Interest Rate Risk. Interest rate risk refers to the risk that bond prices generally fall as interest rates rise; conversely, bond prices generally rise as interest rates fall. Specific bonds differ in their sensitivity to changes in interest rates depending on their individual characteristics, including duration. "Duration risk" is related to interest rate risk; it refers to the risks associated with the sensitivity of a bond's price to a one percent change in interest rates. Bonds with longer durations (i.e., a greater length of time until they reach maturity) face greater duration risk, meaning that they tend to exhibit greater volatility and are more sensitive to changes in interest rates than bonds with shorter durations.
Income Risk. The Fund's income may decline when interest rates fall because the Fund may hold short duration securities and/or securities that have floating or variable interest rates. To the extent that the Fund invests in lower yielding bonds, and as the bonds in its portfolio mature, the Fund needs to purchase additional bonds, thereby reducing the Fund's income.
Call Risk. If interest rates fall, it is possible that issuers of callable securities with high interest coupons will "call" (or prepay) their bonds before their maturity date. If an issuer exercises such a call during a period of declining interest rates, the Fund may have to replace such called security with a lower yielding security. If that were to happen, the Fund's net investment income could fall.
Credit Risk. The issuer of instruments in which the Fund invests may be unable to meet interest and/or principal payments. An issuer's securities may decrease in value if its financial strength weakens, which may reduce its credit rating and possibly its ability to meet its contractual obligations. Even in the case of collateralized debt obligations, there is no assurance that the sale of collateral would raise enough cash to satisfy an issuer's payment obligations or that the collateral can or will be liquidated.
Liquidity Risk. Liquidity risk exists when a particular investment is difficult to purchase or sell. If the Fund invests in illiquid securities or current portfolio securities become illiquid, it may reduce the returns of the Fund because the Fund may be unable to sell the illiquid securities at an advantageous time or price.
Valuation Risk. In certain circumstances, market quotations may not be readily available for some Fund securities, and those securities may be fair valued. The value established for a security through fair valuation may be different from what would be produced if the security had been valued using market quotations. Fund securities that are valued using techniques other than market quotations, including "fair valued" securities, may be subject to greater fluctuations in their value from one day to the next than would be the case if market quotations were used. In addition, there is no assurance that the Fund could sell a portfolio security for the value established for it at any time, and it is possible that the Fund would incur a loss because a security is sold at a discount to its established value.

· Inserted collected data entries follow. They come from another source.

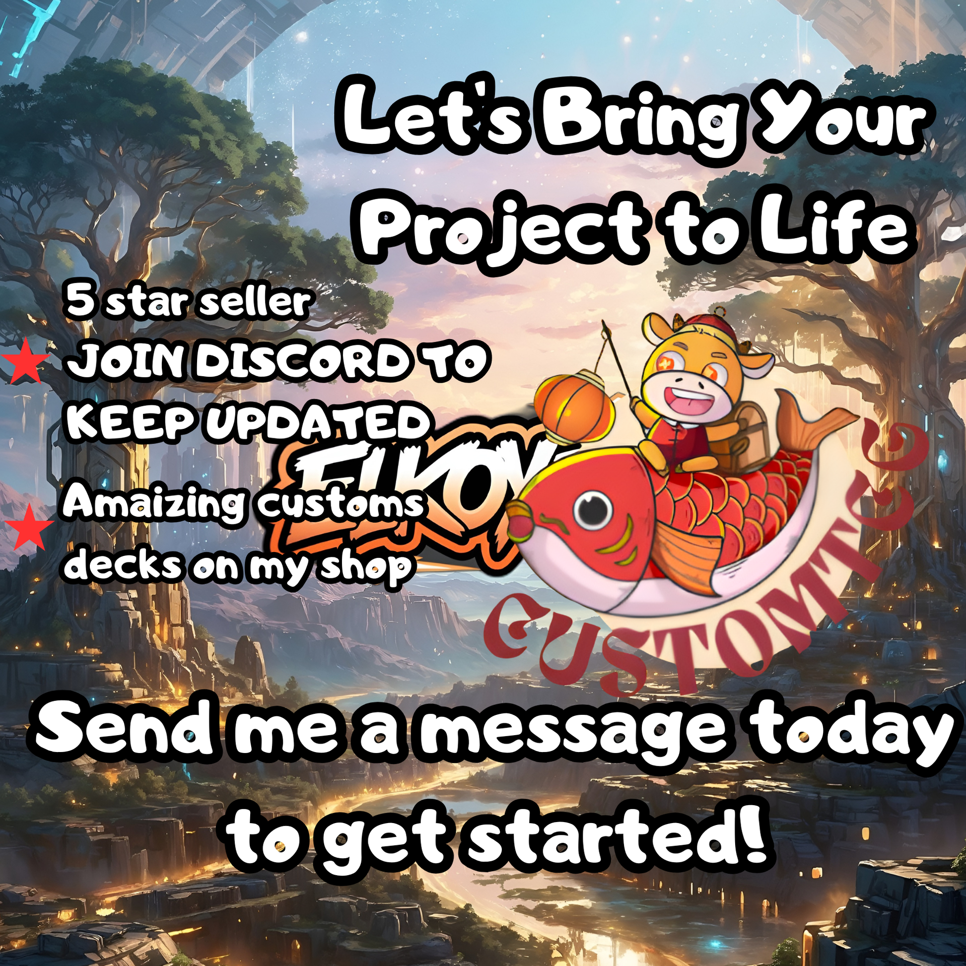 Our custom decks offer a truly unique experience, featuring fully frames, customized artwork, mana symbols, etc... designed to enhance the theme and style of each deck. Every card is meticulously crafted to provide a one-of-a-kind aesthetic while maintaining the quality you expect for seamless gameplay.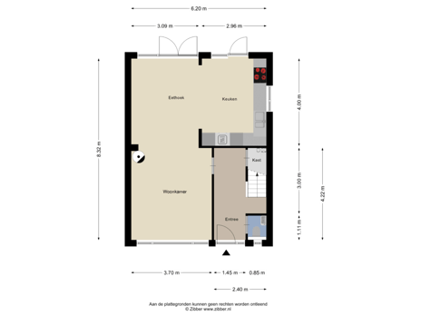 Begane grond: Entree, hal met trapopgang naar de 1e verdieping, wandtoilet met fontein, trap/meterkast, woonkamer met openslaande tuindeuren, open keuken met toegang naar de tuin.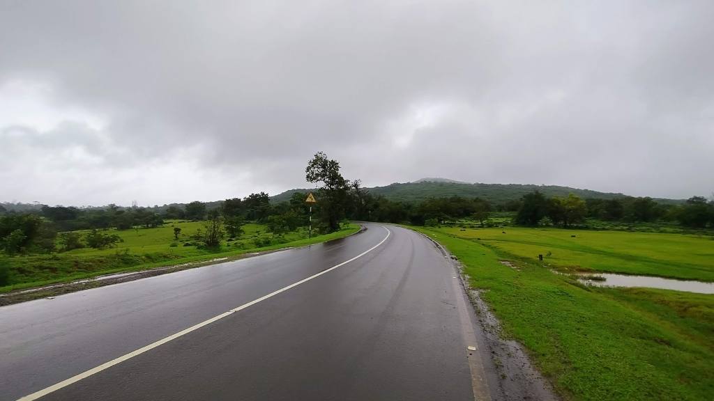The moment we started our drive on NH66, we were greeted with lush greenery all around. It kept on raining – sometimes light drizzle to sometimes heavy rains – but we didn’t complain and it were these very rains which were responsible for the lush fields and farms all along on the sides of the highway.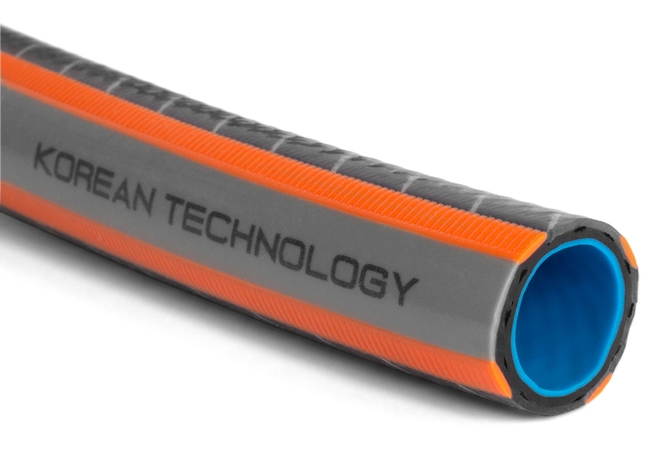 Высококачественное спиралевидное текстильное армирование, усиленное углеродными нитями , препятствует перегибам и скручиванию шланга. Шланг остается гибким и не деформируется. Специальный профиль Power Grip обеспечивает идеальное крепление фитингов базовой системы полива DAEWOO. Надежное соединение даже при высоком давлении. 4 слоя из высококачественных материалов и утолщенные стенки шланга делают его устойчивым к давлению на разрыв до 35 бар, долговечным и износостойким. Шланг имеет специальное покрытие, которое защищает его от воздействия УФ и низких температур, что позволит хранить его на улице или в неотапливаемом помещении. Допустимый диапазон температур от -10° до 60°.

To-Be-Announced ("TBA") Transactions Risk. TBA purchase commitments involve a risk of loss if the value of the securities to be purchased declines prior to settlement date or if the counterparty may not deliver the securities as promised. Selling a TBA involves a risk of loss if the value of the securities to be sold goes up prior to settlement date. TBA transactions involve counterparty risk. Default or bankruptcy of a counterparty to a TBA transaction would expose the Fund to potential loss and could affect the Fund's returns. In addition, TBA transactions may significantly increase the Fund's portfolio turnover rate.

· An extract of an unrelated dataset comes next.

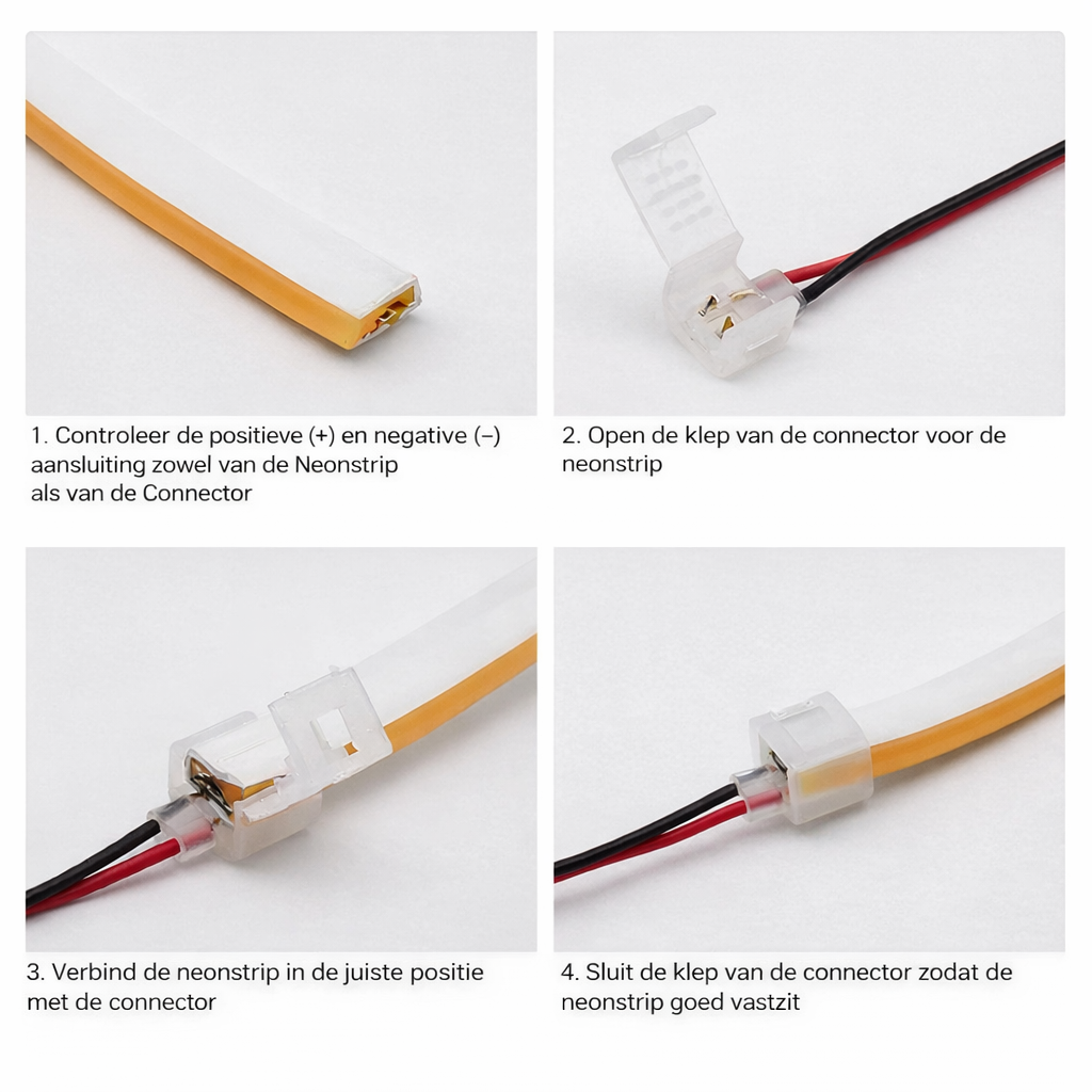 Controleer altijd de polariteit vóór het vastklikken van de neonstrip.

Dollar Roll Transaction Risk. The Fund may enter into dollar roll transactions, in which the Fund sells a mortgage-backed or other security for settlement on one date and buys back a substantially similar security for settlement at a later date. Dollar rolls involve a risk of loss if the market value of the securities that the Fund is committed to buy declines below the price of the securities the Fund has sold.

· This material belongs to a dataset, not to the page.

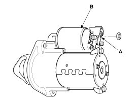 1. Disconnect the M-terminal (A) on the magnet switch assembly (B).

Derivatives Risk. Derivatives may pose risks in addition to and greater than those associated with investing directly in securities, currencies
or other investments, including risks relating to leverage, imperfect correlations with underlying investments or the Fund's other portfolio holdings, high price volatility, lack of availability, counterparty credit, liquidity, valuation and legal restrictions. Their use is a highly specialized activity that involves investment techniques and risks different from those associated with ordinary portfolio securities transactions. Derivatives may be used to create synthetic exposure to an underlying asset or to seek to hedge a portfolio risk. If the Fund uses derivatives to seek to "hedge" a portfolio risk, the change in value of a derivative may not correlate as expected with the underlying asset being hedged, and it is possible that the hedge therefore may not succeed. If the Sub-Adviser is incorrect about its expectations of market conditions, the use of derivatives could also result in a loss, which in some cases may be unlimited. Some of the derivatives in which the Fund invests are traded (and privately negotiated) in the over-the-counter ("OTC") market. OTC derivatives are subject to heightened credit, liquidity and valuation risks. Certain risks also are specific to the derivatives in which the Fund invests.
Swap Agreements Risk. Swap agreements are contracts among the Fund and a counterparty to exchange the return of the pre-determined underlying investment (such as the rate of return of a specified index). Swap agreements may be negotiated bilaterally and traded OTC between two parties or, in some instances, must be transacted through a futures commission merchant and cleared through a clearinghouse that serves as a central counterparty. Risks associated with the use of swap agreements are different from those associated with ordinary portfolio securities transactions, due in part to the fact they could be considered illiquid and many swaps trade on the OTC market. Swaps are particularly subject to counterparty credit, correlation, valuation, liquidity and leveraging risks. Certain standardized swaps are subject to mandatory central clearing. Central clearing is intended to reduce counterparty credit risk and increase liquidity, but central clearing does not make swap transactions risk-free.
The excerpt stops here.